Saturday, September 13, 2008

Joe Harding, Out Of The Ashes?

Mythology teaches us the Phoenix enjoys immortality, which had to be renewed with fire every 300 to 500 years. When the end of its life cycle drew near, the phoenix would gather aromatic herbs, woods, and spices from around the world with which to build its own funeral pyre or nest.

Sitting in the nest, and having turned to face the rays of the sun, beating its wings, it deliberately fans the flames for itself and is consumed in the fire. Once the old body was consumed, the phoenix would be reborn from a worm, its marrow, or an egg found among the ashes and would embark on another 500 years of life.

According to some legends, the renewed phoenix carried its old bones to the City of the Sun in Egypt where they were disposed of with special funeral rites. In this case I think it may have been Joe Harding who fanned the flames and was consumed by fire but he didn't carry his old bones to Egypt but instead had the doctors put some screws in them and went racing in San Diego.

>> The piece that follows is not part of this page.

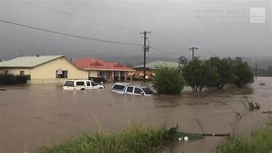Video has emerged showing a man clinging to a pole in Ingham after his vehicle was washed away – and being taken to safety by locals in a boat.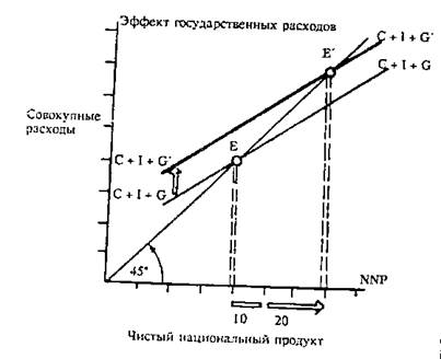 Рис. 2. Рост государственных расходов сдвигает С +I + G вверх до С + I +G'. Точка Е' отмечает полученный в результате этого более высокий доход. Понижение налогов оказывает аналогичное воздействие на доход. Низкие налоговые сборы оставляют вам больше чистого дохода из NNР и, следовательно, сдвигают вверх кривую потребления. В результате новой кривой С' + I + G имеет место переход от Е к Е'. (1 долл. сокращения налога оказывает несколько меньший эффект, чем доллар роста G. Почему? Потому что некоторая часть того дополнительного дохода, который получен в силу сокращения налога, сберегается и не используется для сдвига вверх кривой СС. Если предельная склонность к потреблению (МРС) равна 2/3, то сокращение налогов на 10 единиц сдвинет кривую СС вверх на 2/3 * 10 = 6 2/3 )

During the 2007 La Carrera Panamericana Jon, Will and myself were blessed to have met so many unique people and better yet to have formed friendships that will surely last a lifetime. Blame it on the Spirit of La Carrera Panamericana but it's contagious and it just happens.

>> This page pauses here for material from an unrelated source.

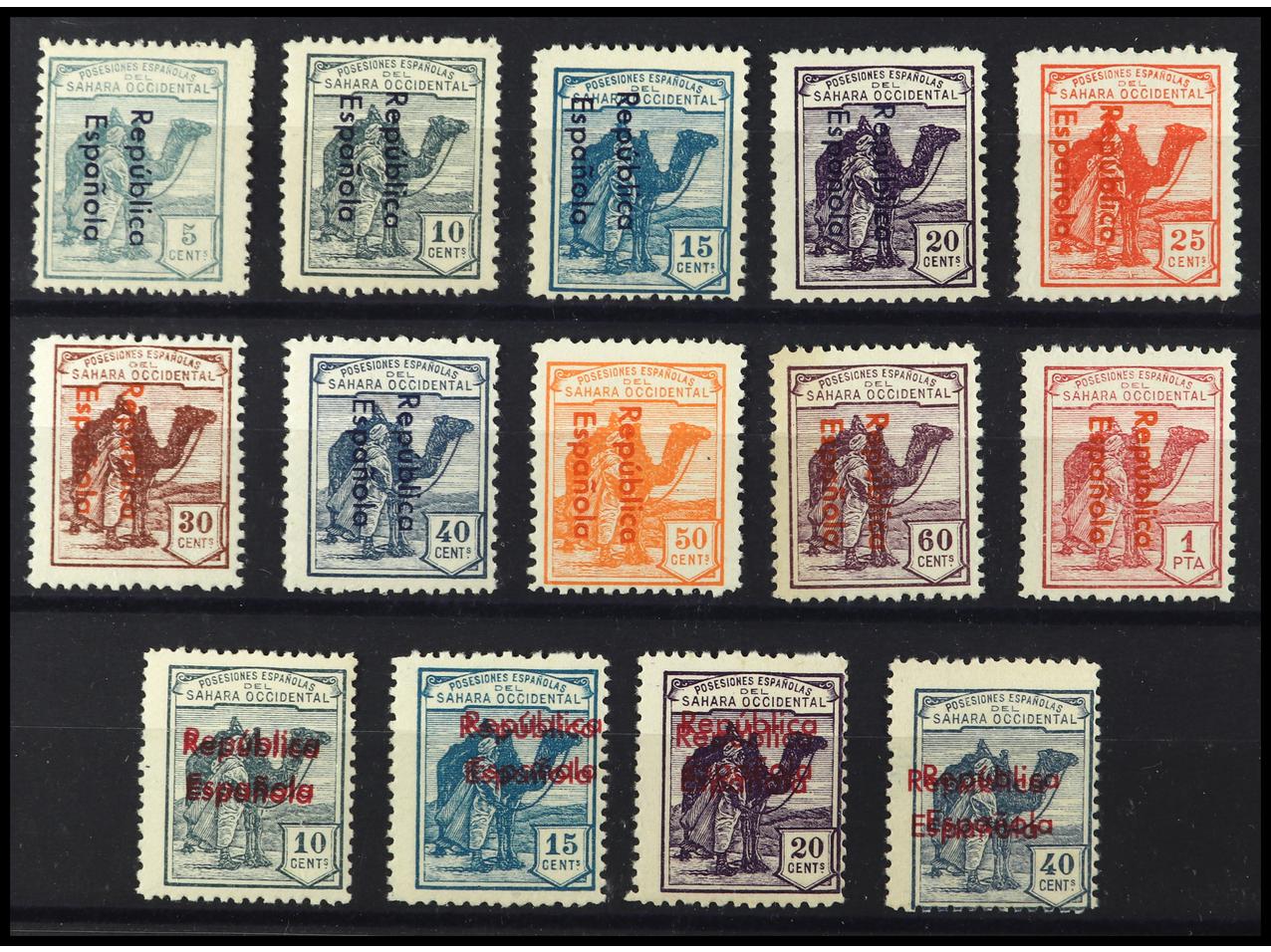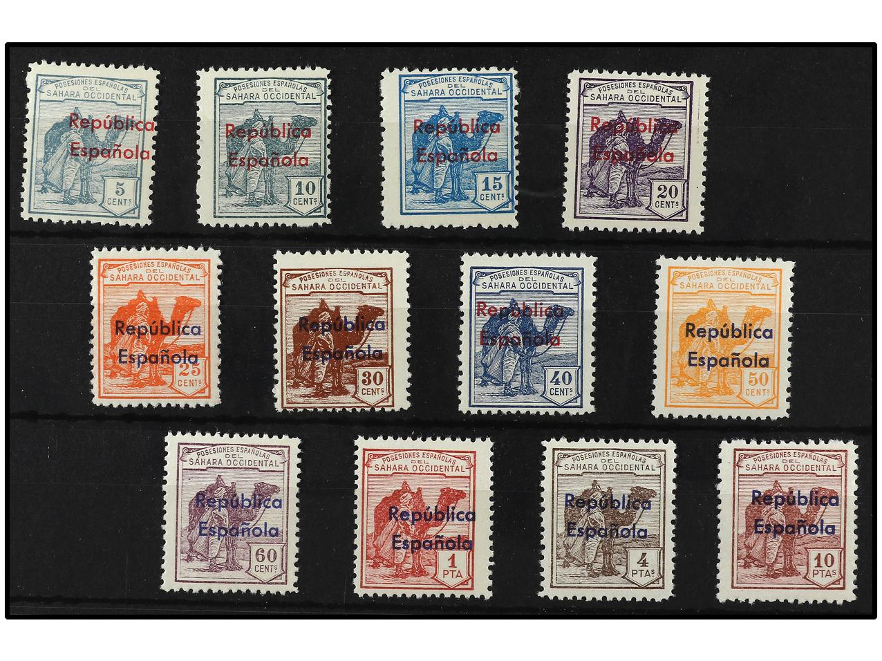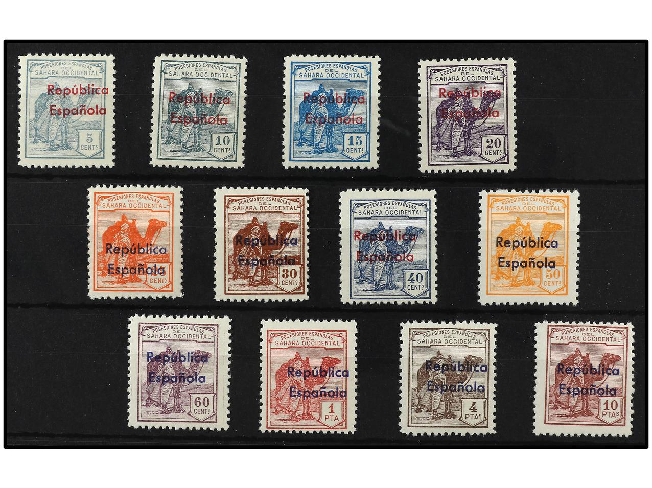 COLONIAS ESPAÑOLAS: SAHARA. SERIE COMPLETA, 12 valores. Habilitación horizontal. 9 series y una de ellas a falta de un sello de 5 c. valor de 10 pts., 5 sellos fallo de goma. Ed.36B/47B. Cat. 5.550€. (Image1) (Image2)

One of these unique personalities was none other than Englishman Joe Harding who drove the beautifully prepared Ford Falcon car number 380 in Historic C Class. Not only is Joe a true gentleman racer in every sense of the word but he's every bit of a fierce competitor as you can find. One evening during the awards dinner while Jon and I were standing on the top podium holding up the first place trophies for winning the most dangerous stage of Mil Cumbres, Joe leaned over with a huge smile on his face and said, "Enjoy it while you can but just remember... tomorrow is another day." Gotta love this guy.

While racing in the most recent Chihuahua Express Road Race, Joe suffered a honorific accident which not only destroyed his Falcon burning it completely to ashes but hospitalized him as well with a terribly broken ankle. Joe has had to undergo a lot of physical therapy after having a box full of screws and metal installed in his ankle a challenge he dealt with as if it were just another day.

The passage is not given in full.